I have proven that .9... = 1. (If you want the proof, just tell me)

but what about the floor() function?

wouldn't the floor(.9...) = 0 and the floor(1) = 1?
Therefore disproving my proof?

Yes, that does disprove you.

I'd love to see the proof, but it's undoubtedly like the proofs that prove 1=2. Hate to say it, but .999... isn't equal to 1, unless you're an microprocessor.

--EDIT--
Yeah, so there's a proof. Big whoop. Sigma is overrated. ;)

Maybe this would help. . .
Linky (http://mathforum.org/dr.math/faq/faq.0.9999.html)

Summation was the way I proved it. Any thoughts on if floor(.9...) = 1 or 0?

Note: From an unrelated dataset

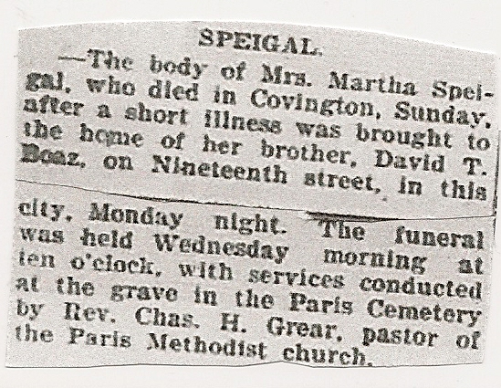 ---The Body of Mrs. Martha Speigal, who died in Covington Sunday, after a short illness was brought to the home of her brother, David T. Boaz, on Nineteenth street, in this city, Monday night. The funeral was held Wednesday morning at ten o'clock, with services conducted at the grave in the Paris Cemetery by Rev. Charles H. Grear, pastor of the Paris Methodist Church.
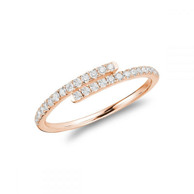 Cette bague enveloppe linéaire en diamant est composée de diamants ronds de taille brillante sertis dans une bande de style enveloppe à la mode. Fabriquée en or blanc, rose ou jaune 14 carats, la bague a un poids total approximatif de 0,25 carat. La bague se compose de 28 pierres serties à la main. Les diamants sont sertis à mi-chemin de la bague.

Maybe this would help. . .
Linky (http://mathforum.org/dr.math/faq/faq.0.9999.html)
Or.... if your too lazy to read through that (like me!)

3/9= .3333333.... so 3/9 + 3/9 + 3/9 = 9/9 and .3333333.... + .3333333.... + .3333333.... = .999999....

Isn't infinity wonderfull?

You'd need a more formal definition of floor before you can prove or disprove anything. The formal definition of floor is: floor(x) is equal to the largest integer less than or equal to x.

You've already proven that .999... = 1, so 1 is the largest integer less than or equal to .999... and everything works out. Confusion only comes when you use the informal definition of ignoring everything after the decimal point.

x = 0.9999...
10x = 9.9999...
10x - x = 9.9999... - 0.9999...
9x = 9
x = 1